_SUPPLIED MATERIAL_.
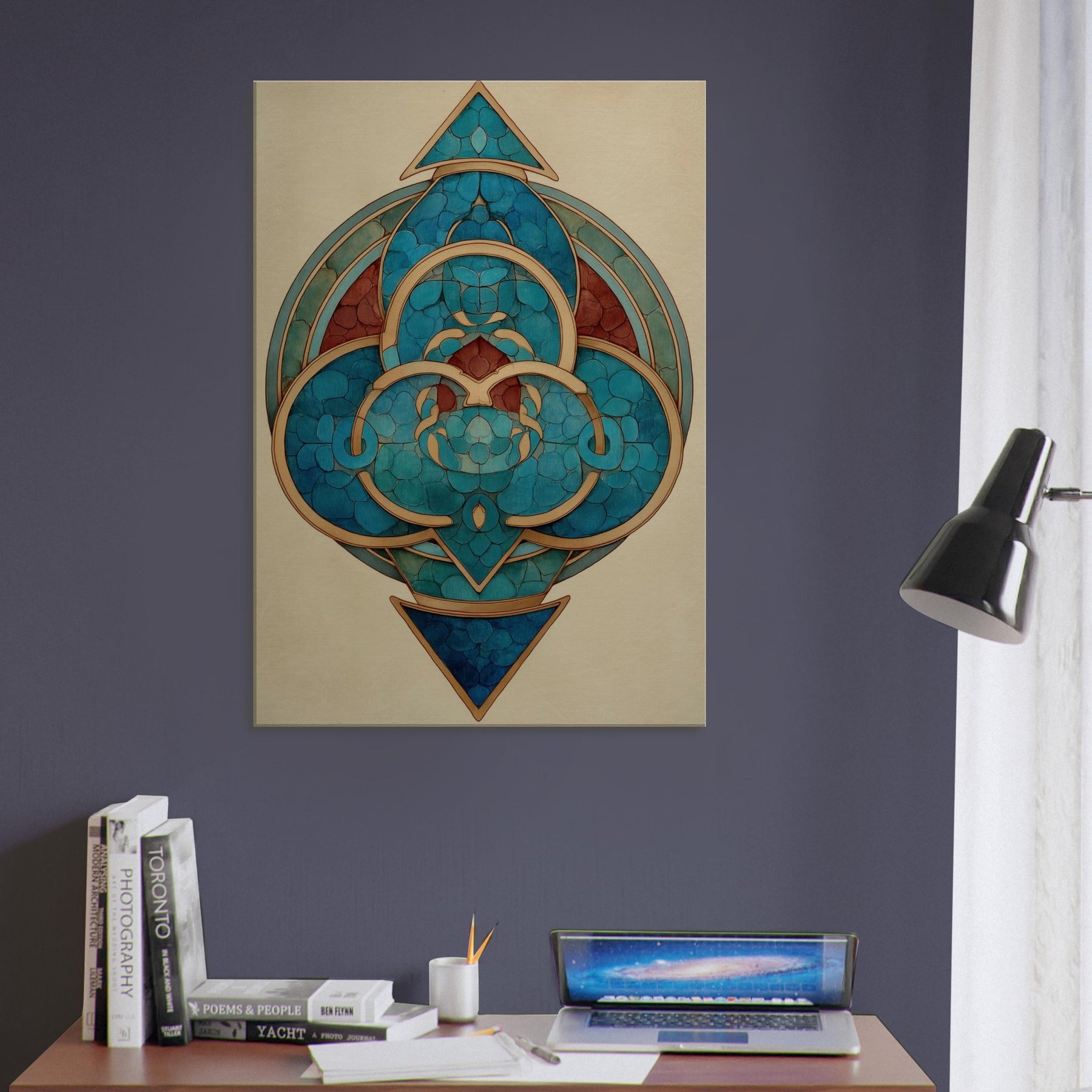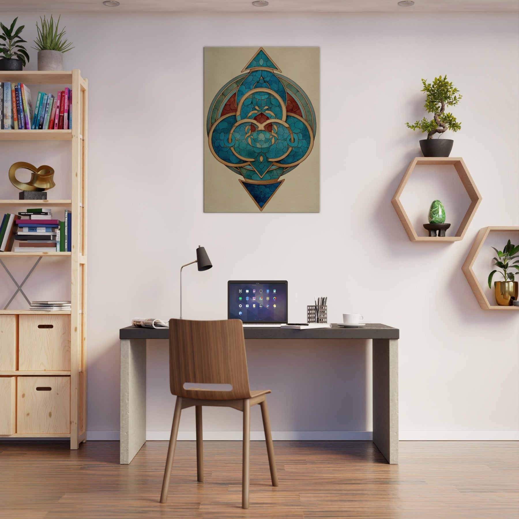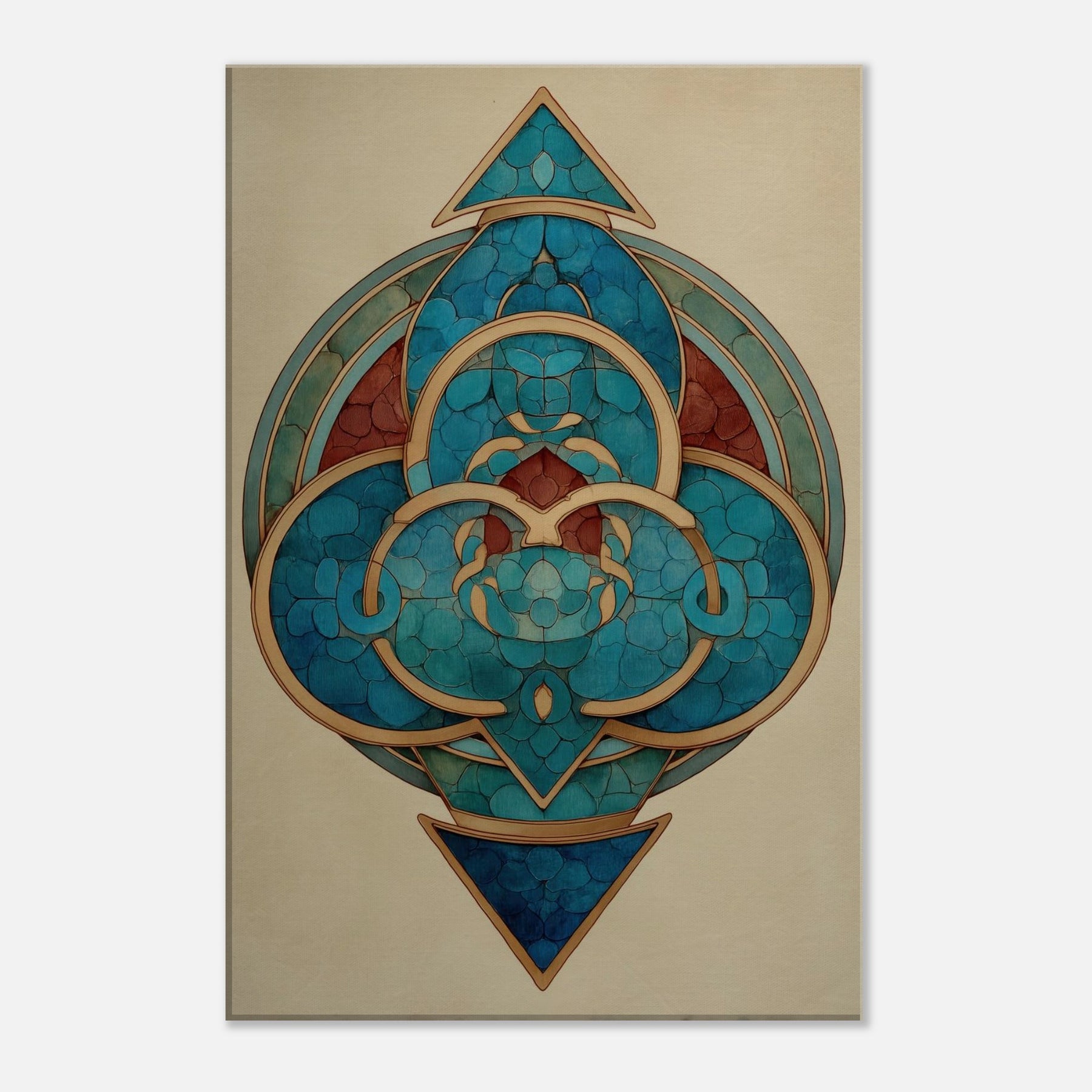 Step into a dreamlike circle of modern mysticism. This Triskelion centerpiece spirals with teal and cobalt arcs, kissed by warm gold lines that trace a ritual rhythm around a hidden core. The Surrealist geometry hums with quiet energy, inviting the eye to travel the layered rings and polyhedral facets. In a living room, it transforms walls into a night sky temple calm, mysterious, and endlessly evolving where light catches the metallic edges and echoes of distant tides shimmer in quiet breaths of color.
--
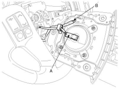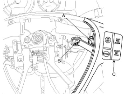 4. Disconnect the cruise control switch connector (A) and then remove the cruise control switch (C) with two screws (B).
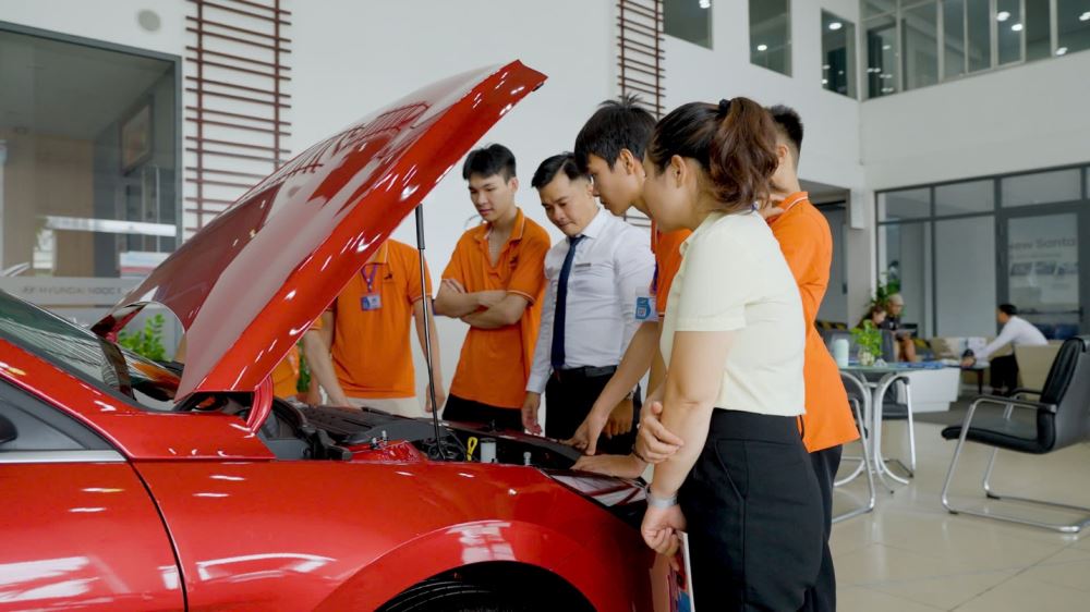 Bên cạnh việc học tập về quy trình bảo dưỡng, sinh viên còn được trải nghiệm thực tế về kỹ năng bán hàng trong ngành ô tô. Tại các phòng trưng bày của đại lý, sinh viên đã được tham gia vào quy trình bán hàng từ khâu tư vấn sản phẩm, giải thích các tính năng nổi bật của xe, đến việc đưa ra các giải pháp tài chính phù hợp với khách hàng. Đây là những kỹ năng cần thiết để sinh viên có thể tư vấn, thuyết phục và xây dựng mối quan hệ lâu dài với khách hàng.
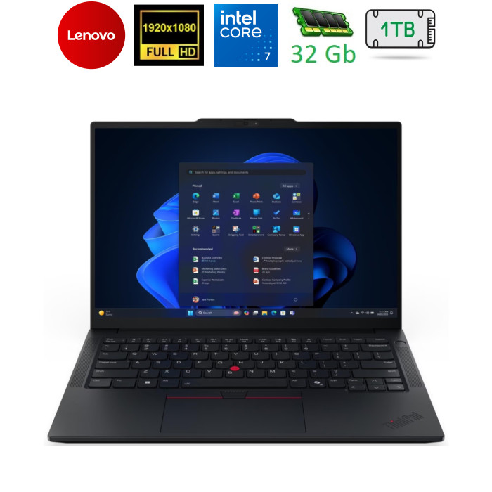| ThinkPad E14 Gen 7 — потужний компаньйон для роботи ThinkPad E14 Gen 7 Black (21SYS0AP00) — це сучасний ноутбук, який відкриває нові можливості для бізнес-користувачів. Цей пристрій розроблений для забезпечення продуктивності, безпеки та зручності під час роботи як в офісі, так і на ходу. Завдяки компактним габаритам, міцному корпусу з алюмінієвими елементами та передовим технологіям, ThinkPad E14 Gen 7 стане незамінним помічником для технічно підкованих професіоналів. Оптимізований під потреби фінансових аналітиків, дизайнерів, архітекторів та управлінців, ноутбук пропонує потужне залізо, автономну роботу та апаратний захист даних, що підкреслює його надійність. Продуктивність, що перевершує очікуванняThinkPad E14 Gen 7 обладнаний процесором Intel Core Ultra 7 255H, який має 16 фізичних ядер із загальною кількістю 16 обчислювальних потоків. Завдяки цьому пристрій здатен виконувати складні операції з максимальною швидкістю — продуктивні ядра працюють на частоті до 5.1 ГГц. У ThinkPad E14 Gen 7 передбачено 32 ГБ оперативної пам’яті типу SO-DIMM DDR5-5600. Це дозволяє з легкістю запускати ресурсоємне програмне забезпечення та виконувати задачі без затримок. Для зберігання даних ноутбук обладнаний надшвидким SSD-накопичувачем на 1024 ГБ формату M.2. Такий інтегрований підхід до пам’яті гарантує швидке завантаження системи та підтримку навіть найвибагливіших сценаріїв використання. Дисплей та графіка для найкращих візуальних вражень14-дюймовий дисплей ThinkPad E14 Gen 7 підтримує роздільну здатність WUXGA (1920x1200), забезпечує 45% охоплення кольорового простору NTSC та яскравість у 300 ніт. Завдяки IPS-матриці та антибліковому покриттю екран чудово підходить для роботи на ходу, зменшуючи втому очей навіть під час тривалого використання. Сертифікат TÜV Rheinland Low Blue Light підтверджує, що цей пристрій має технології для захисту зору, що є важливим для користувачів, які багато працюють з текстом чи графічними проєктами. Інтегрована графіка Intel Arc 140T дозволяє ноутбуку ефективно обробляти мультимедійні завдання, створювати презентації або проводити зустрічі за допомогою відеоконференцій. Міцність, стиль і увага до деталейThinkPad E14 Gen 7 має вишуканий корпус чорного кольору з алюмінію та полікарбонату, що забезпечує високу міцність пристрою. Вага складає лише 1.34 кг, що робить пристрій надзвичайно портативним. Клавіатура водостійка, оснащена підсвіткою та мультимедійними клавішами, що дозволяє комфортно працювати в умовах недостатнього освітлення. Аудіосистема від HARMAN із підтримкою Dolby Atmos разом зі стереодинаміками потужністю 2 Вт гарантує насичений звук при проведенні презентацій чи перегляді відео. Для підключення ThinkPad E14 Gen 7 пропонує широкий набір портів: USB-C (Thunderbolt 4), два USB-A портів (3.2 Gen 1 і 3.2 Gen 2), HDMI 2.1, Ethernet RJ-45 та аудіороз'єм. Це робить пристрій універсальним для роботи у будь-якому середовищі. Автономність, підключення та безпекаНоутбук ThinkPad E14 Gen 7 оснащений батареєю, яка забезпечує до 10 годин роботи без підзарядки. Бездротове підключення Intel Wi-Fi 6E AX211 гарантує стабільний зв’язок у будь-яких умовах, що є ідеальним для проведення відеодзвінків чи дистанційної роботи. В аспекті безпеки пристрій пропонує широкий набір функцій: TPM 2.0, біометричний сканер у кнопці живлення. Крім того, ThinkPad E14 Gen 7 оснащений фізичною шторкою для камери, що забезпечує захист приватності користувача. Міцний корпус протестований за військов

_PROBLEM STATEMENT_. Copy word for word the lines above, starting at the line containing "4. Disconnect the" and ending at the line containing "Bên cạnh việc", inclusive, with no pictures.

_SOLUTION_.
 4. Disconnect the cruise control switch connector (A) and then remove the cruise control switch (C) with two screws (B).
 Bên cạnh việc học tập về quy trình bảo dưỡng, sinh viên còn được trải nghiệm thực tế về kỹ năng bán hàng trong ngành ô tô. Tại các phòng trưng bày của đại lý, sinh viên đã được tham gia vào quy trình bán hàng từ khâu tư vấn sản phẩm, giải thích các tính năng nổi bật của xe, đến việc đưa ra các giải pháp tài chính phù hợp với khách hàng. Đây là những kỹ năng cần thiết để sinh viên có thể tư vấn, thuyết phục và xây dựng mối quan hệ lâu dài với khách hàng.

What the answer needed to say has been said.